Sep 2006

What to Eat – Marion Nestle

About: “What to Eat” is a book about how to make sensible food choices. Consider that today’s supermarket is ground zero for the food industry, a place where the giants of agribusiness compete for your purchases with profits—not health or nutrition—in mind. This book takes you on a guided tour of the supermarket, beginning in the produce section and continuing around the perimeter of the store to the dairy, meat, and fish counters, and then to the center aisles where you find the packaged foods, soft drinks, bottled waters, baby foods, and more. Along the way, it tells you just what you need to know about such matters as fresh and frozen, wild and farm-raised, organic and “natural,” and omega-3 and trans fats. It decodes food labels, nutrition and health claims, and portion sizes, and shows you how to balance decisions about food on the basis of freshness, taste, nutrition, and health, but also social and environmental issues and, of course, price.

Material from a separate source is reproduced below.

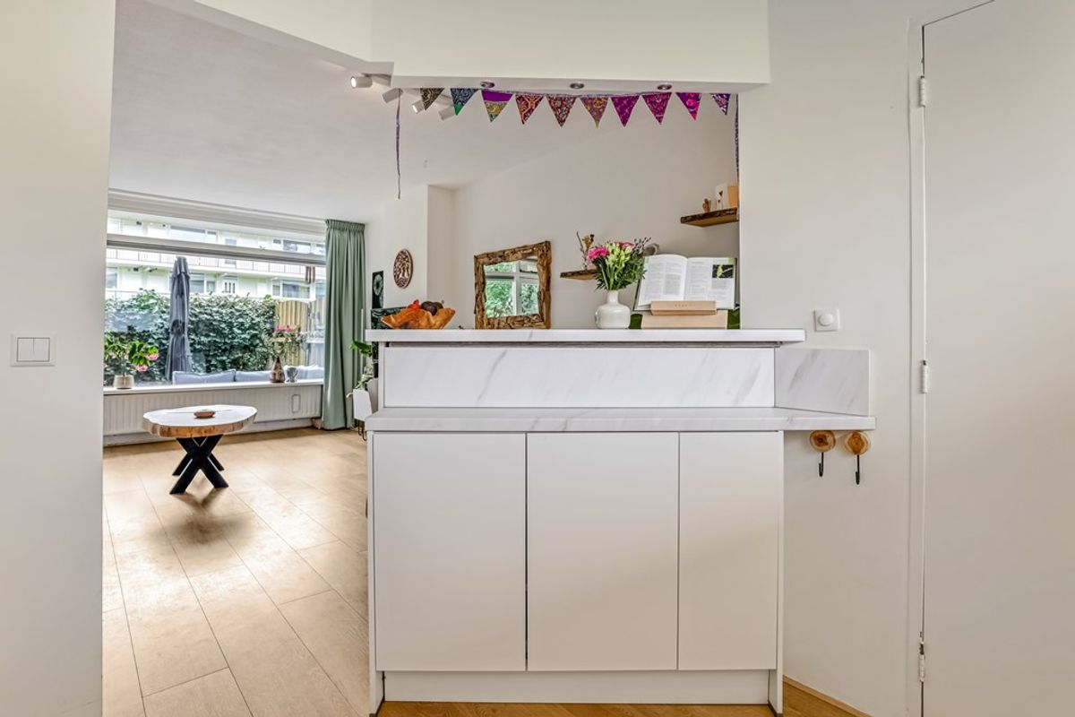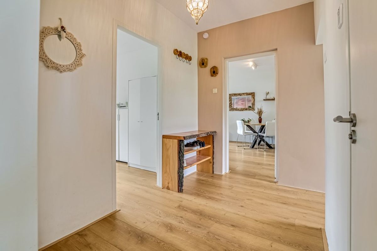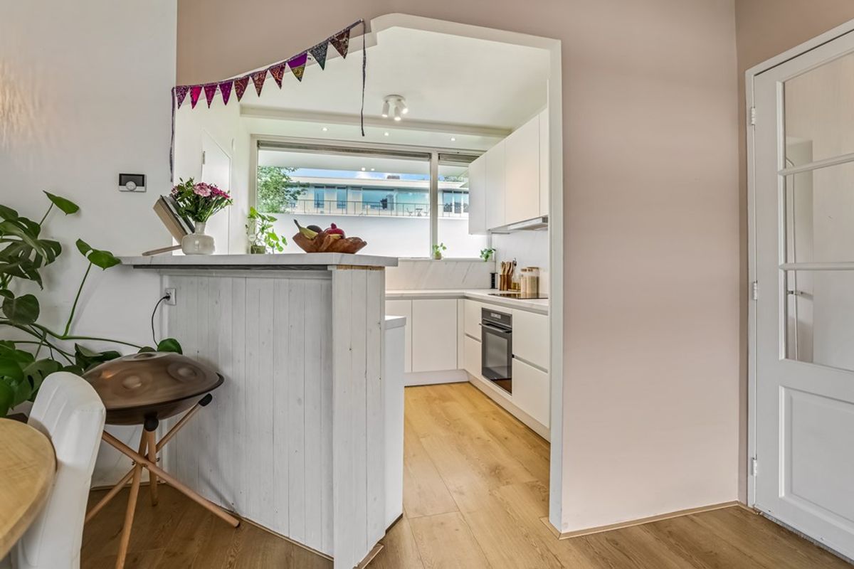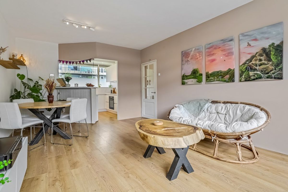 De entree aan de voorzijde van de woning geeft toegang tot de hal. Van hieruit is er toegang tot alle ruimtes, o.a. een separaat toilet, drie slaapkamers, de badkamer en de woonkamer. De lichte woonkamer staat in open verbinding met de L-vormige keuken (2023), die is voorzien van moderne inbouwapparatuur. Aansluitend bevindt zich een praktische bergkast met aansluitingen voor wasmachine en droger. Vrijwel de gehele woning is voorzien van een nette laminaatvloer.

My thoughts: The most intelligent people are the ones who are able to convey their knowledge simply, which is exactly what Marion Nestle does in “What to Eat.” Her aisle by aisle guide was extremely informative and a pleasure to read. As someone who enjoys exploring grocery stores, her insights gave me a whole new set of nuances to notice.

I really enjoyed her purchasing recommendations for each aisle of the grocery store. One suggestion that I use often are her produce recommendations. Her preferences are:

  1. Organic and locally grown
  2. Organic and not local
  3. Locally grown and not organic
  4. Neither locally grown or organic

The concept of “food miles” (the miles/days/energy that foods travel to arrive at our grocery stores) was something I hardly paid attention to before, but now I make an effort to buy locally grown produce because they are fresher and more fuel efficient. So even though locally grown Jersey peaches are smaller in size than the ones from California, they are more nutritious and better for the environment.

Another aspect of the book that got me thinking was her take on advertising and the science behind the placement of products in stores – marketing and psychology are so fascinating!

This book is really long (611 pages), but is written so that you can seamlessly flip to a chapter that you’re interested in and skip the others. I only skimmed the chapters on coffees and teas because I never buy that stuff.